[EXERCISE AIM]: Transcribe the entries below word for word, beginning at the line with "Dreptul, LI, nr." and stopping after the line with "Gants underkläder ger"; drop all pictures.

[WORKING DATA]:
▽
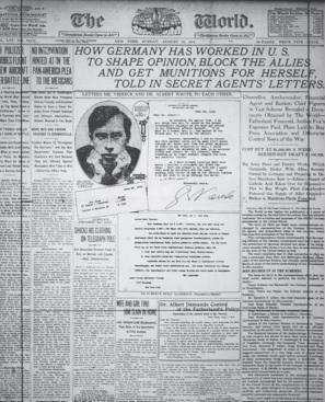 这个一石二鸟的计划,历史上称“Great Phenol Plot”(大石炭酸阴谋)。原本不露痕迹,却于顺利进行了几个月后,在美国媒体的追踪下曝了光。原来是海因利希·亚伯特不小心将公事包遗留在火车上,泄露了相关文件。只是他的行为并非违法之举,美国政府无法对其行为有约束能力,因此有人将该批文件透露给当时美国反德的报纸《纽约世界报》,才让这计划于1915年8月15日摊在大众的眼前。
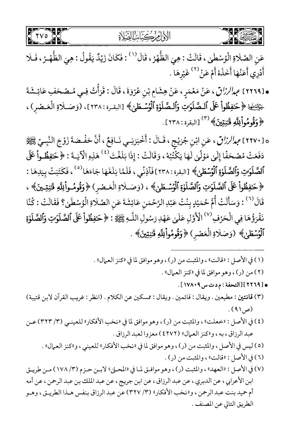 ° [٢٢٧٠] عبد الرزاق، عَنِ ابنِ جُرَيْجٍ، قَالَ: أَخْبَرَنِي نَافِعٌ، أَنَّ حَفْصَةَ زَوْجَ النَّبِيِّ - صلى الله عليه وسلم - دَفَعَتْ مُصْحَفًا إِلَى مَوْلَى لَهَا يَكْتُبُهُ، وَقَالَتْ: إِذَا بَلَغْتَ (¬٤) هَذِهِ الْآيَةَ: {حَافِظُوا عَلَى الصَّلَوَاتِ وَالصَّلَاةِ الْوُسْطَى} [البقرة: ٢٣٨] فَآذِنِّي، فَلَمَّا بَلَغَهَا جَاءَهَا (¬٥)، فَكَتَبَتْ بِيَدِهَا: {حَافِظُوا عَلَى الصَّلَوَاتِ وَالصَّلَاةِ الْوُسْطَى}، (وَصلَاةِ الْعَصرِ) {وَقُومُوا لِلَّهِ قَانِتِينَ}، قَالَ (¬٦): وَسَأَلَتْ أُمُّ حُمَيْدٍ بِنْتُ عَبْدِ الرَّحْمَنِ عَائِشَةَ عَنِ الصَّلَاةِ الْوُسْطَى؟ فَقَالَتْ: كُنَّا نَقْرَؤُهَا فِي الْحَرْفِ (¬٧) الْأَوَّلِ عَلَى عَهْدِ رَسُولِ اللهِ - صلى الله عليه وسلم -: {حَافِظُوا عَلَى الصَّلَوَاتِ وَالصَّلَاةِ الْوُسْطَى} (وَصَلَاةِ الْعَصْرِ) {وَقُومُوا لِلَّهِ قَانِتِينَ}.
△
▽
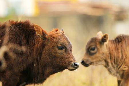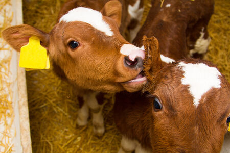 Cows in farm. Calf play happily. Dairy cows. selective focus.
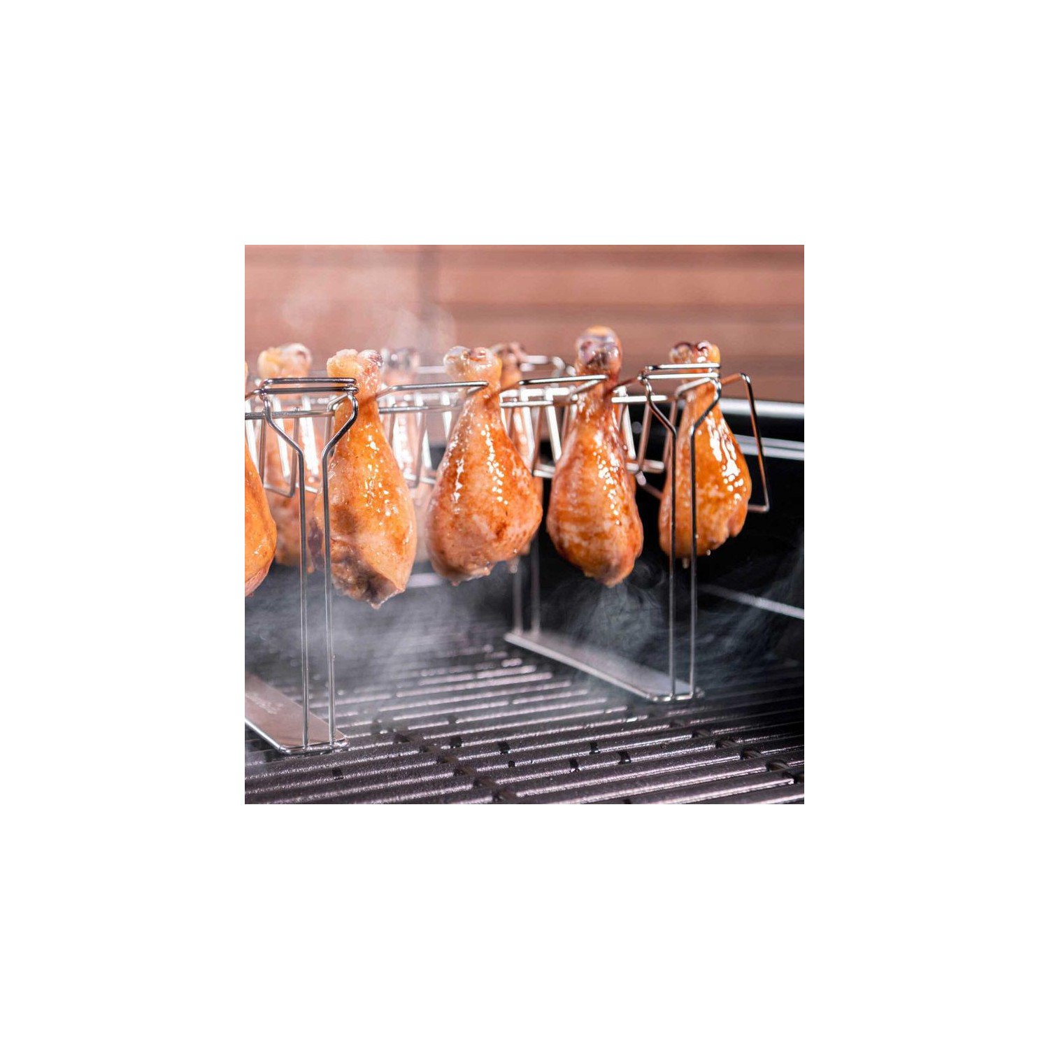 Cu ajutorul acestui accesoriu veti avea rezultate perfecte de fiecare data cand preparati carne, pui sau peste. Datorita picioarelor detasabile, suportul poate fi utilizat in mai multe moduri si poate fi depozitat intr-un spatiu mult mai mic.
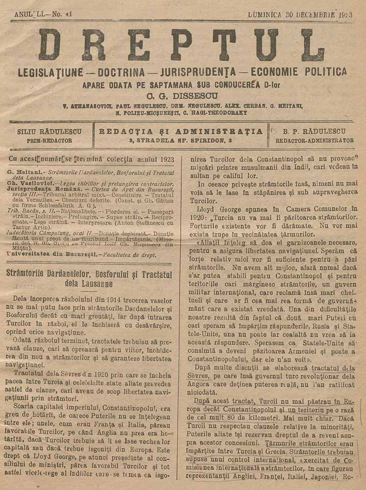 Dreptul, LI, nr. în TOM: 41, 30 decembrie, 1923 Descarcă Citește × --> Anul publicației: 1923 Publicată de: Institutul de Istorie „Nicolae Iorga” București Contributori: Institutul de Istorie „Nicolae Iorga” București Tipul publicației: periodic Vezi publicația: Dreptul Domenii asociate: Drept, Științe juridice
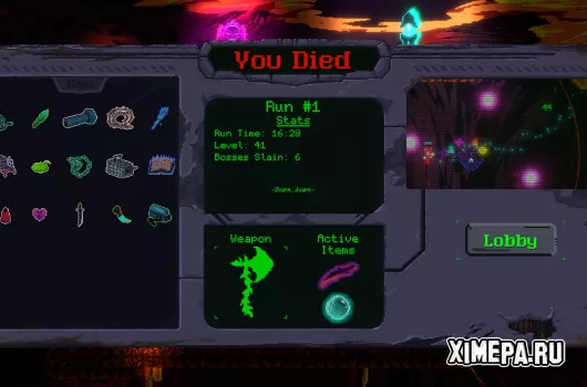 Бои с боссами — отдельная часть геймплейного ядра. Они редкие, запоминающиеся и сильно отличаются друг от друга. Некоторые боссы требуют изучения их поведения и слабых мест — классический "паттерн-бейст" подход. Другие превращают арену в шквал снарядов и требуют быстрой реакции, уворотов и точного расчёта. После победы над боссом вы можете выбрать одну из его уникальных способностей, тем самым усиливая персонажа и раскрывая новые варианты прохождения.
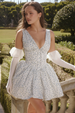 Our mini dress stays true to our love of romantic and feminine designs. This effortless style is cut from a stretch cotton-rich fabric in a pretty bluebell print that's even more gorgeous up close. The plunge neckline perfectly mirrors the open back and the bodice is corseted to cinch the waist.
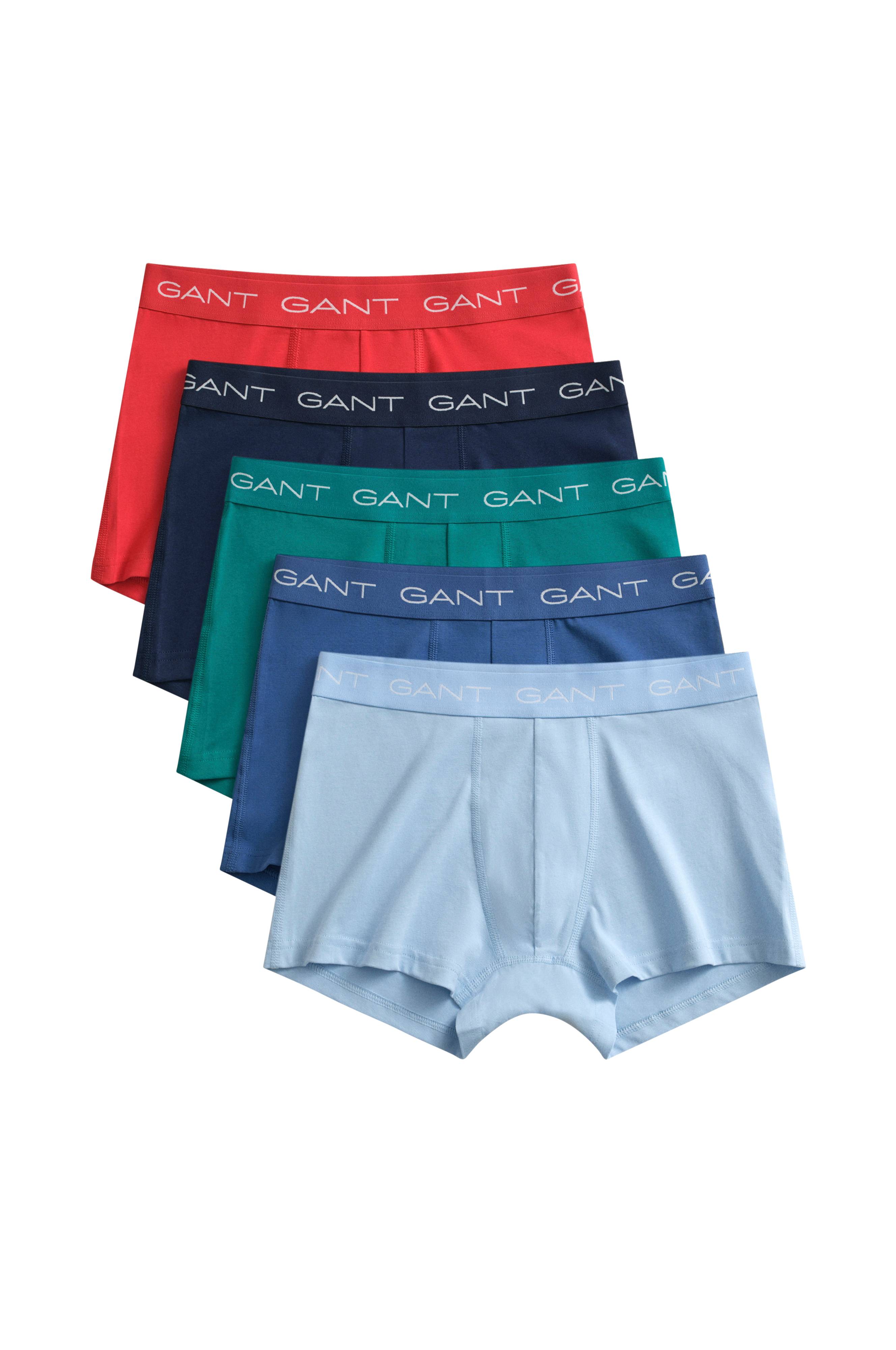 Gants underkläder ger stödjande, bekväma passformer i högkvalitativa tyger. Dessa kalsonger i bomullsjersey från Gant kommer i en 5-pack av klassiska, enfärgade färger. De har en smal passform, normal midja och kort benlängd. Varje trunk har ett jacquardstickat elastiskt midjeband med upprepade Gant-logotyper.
△
[RESULT]:
 Dreptul, LI, nr. în TOM: 41, 30 decembrie, 1923 Descarcă Citește × --> Anul publicației: 1923 Publicată de: Institutul de Istorie „Nicolae Iorga” București Contributori: Institutul de Istorie „Nicolae Iorga” București Tipul publicației: periodic Vezi publicația: Dreptul Domenii asociate: Drept, Științe juridice
 Бои с боссами — отдельная часть геймплейного ядра. Они редкие, запоминающиеся и сильно отличаются друг от друга. Некоторые боссы требуют изучения их поведения и слабых мест — классический "паттерн-бейст" подход. Другие превращают арену в шквал снарядов и требуют быстрой реакции, уворотов и точного расчёта. После победы над боссом вы можете выбрать одну из его уникальных способностей, тем самым усиливая персонажа и раскрывая новые варианты прохождения.
 Our mini dress stays true to our love of romantic and feminine designs. This effortless style is cut from a stretch cotton-rich fabric in a pretty bluebell print that's even more gorgeous up close. The plunge neckline perfectly mirrors the open back and the bodice is corseted to cinch the waist.
 Gants underkläder ger stödjande, bekväma passformer i högkvalitativa tyger. Dessa kalsonger i bomullsjersey från Gant kommer i en 5-pack av klassiska, enfärgade färger. De har en smal passform, normal midja och kort benlängd. Varje trunk har ett jacquardstickat elastiskt midjeband med upprepade Gant-logotyper.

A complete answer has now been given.